Given material>
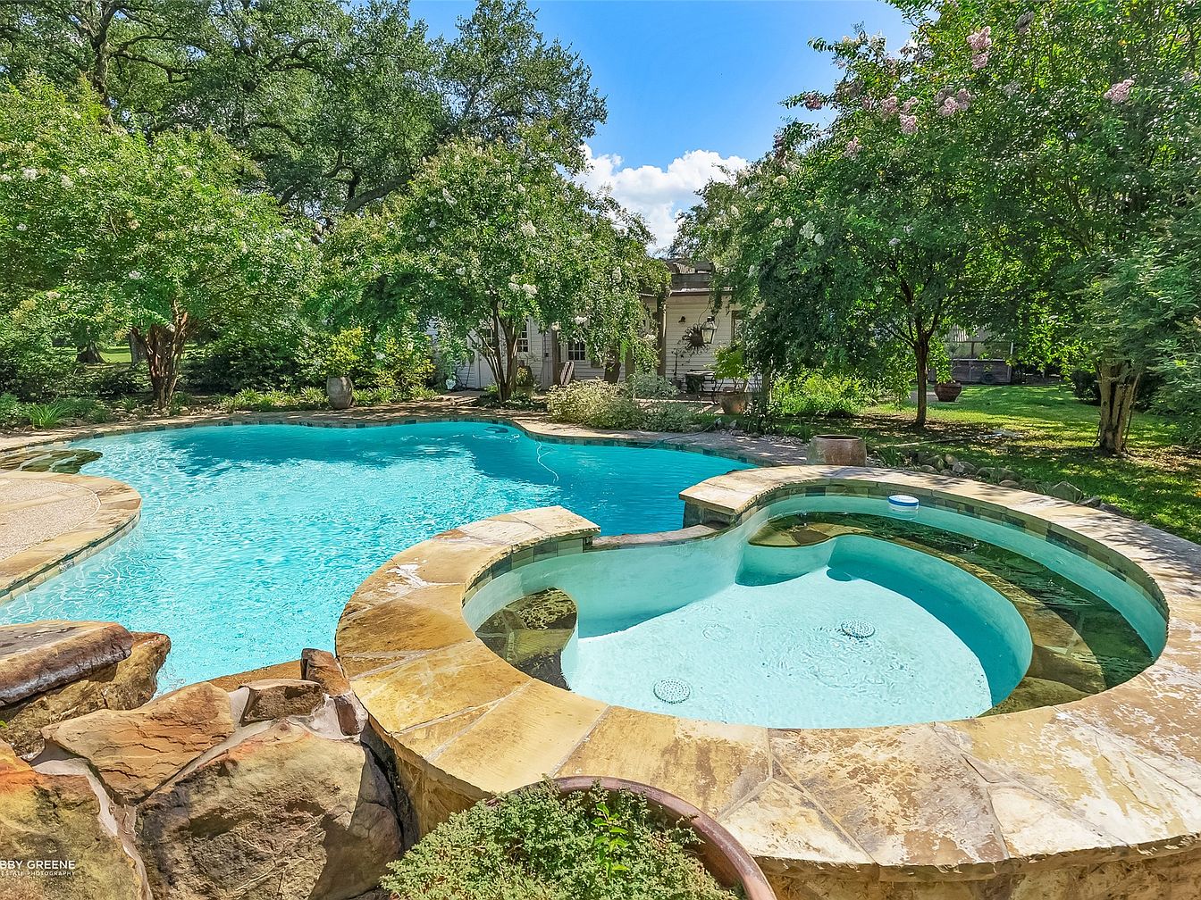 This outdoor space features a shimmering pool with a gently curving design, complemented by a connected spa, both surrounded by natural stone finishes. The vibrant turquoise water reflects the blue sky, inviting relaxation. Lush greenery encircles the area, including flowering trees and well-maintained shrubs that add privacy and charm. The pool deck showcases a mix of textured stones, creating a rustic elegance. Natural light filters through the foliage, enhancing the serene atmosphere. This tranquil oasis is perfect for leisurely days, providing a picturesque backdrop for outdoor gatherings and personal retreat moments.
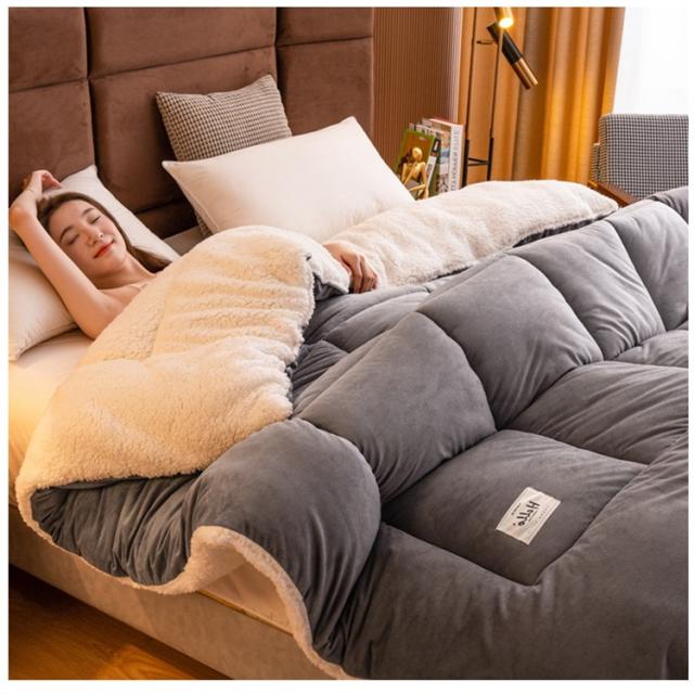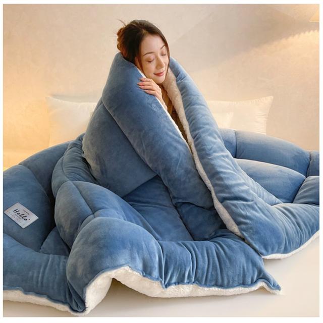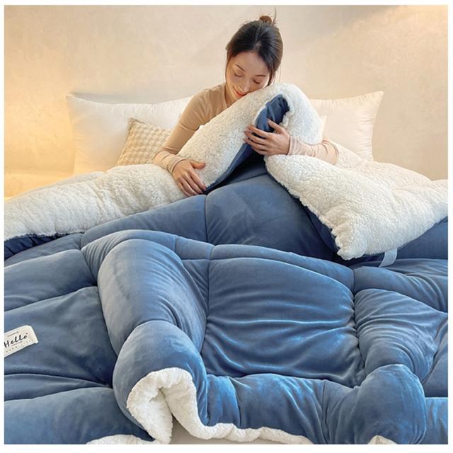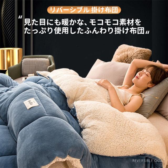 見た目にも暖かな、モコモコ素材をたっぷり使用したふんわり掛け布団
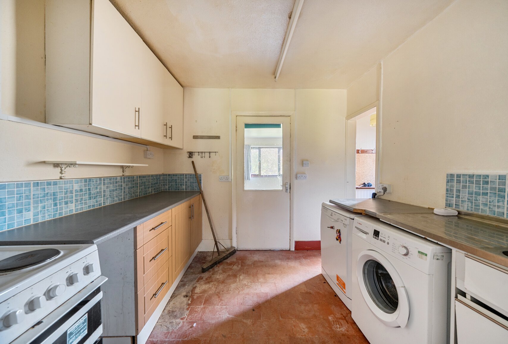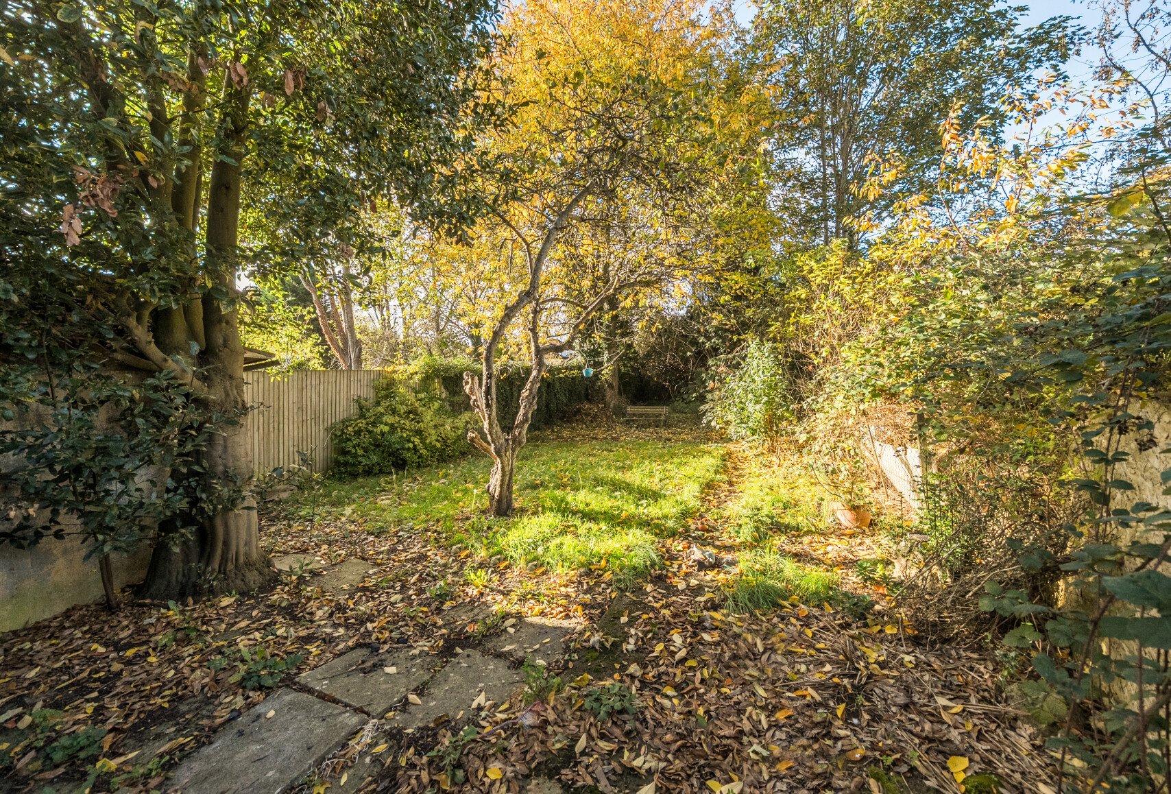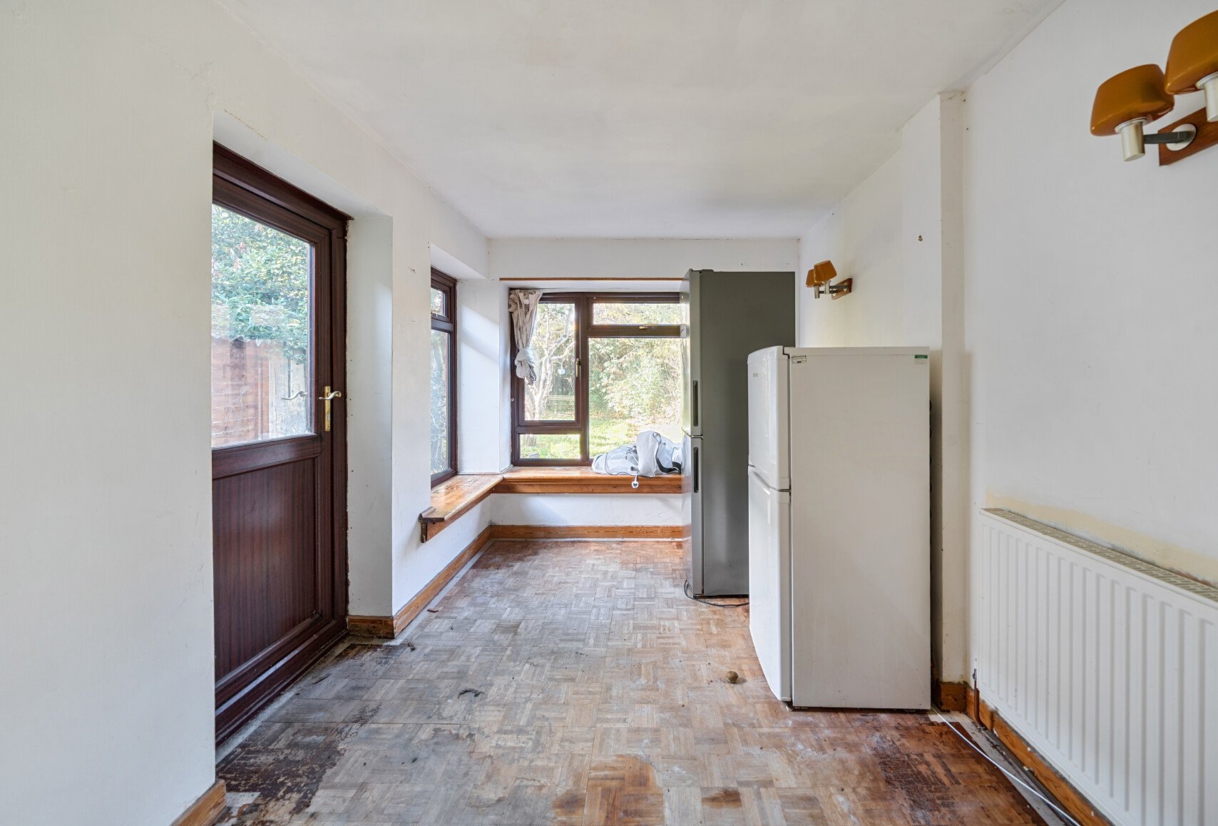 The bathroom is located on the ground floor, to the right of the entry way. Adjacent is the kitchen which flows into the dining room. The garden can be accessed through the door to the side of this room. The garden can also be accessed from the left side of the property.

Directions> Skip every picture and return the lines above from the top through the one that contains "見た目にも暖かな、モコモコ素材をたっぷり使用したふんわり掛け布団".

Worked solution>
 This outdoor space features a shimmering pool with a gently curving design, complemented by a connected spa, both surrounded by natural stone finishes. The vibrant turquoise water reflects the blue sky, inviting relaxation. Lush greenery encircles the area, including flowering trees and well-maintained shrubs that add privacy and charm. The pool deck showcases a mix of textured stones, creating a rustic elegance. Natural light filters through the foliage, enhancing the serene atmosphere. This tranquil oasis is perfect for leisurely days, providing a picturesque backdrop for outdoor gatherings and personal retreat moments.
 見た目にも暖かな、モコモコ素材をたっぷり使用したふんわり掛け布団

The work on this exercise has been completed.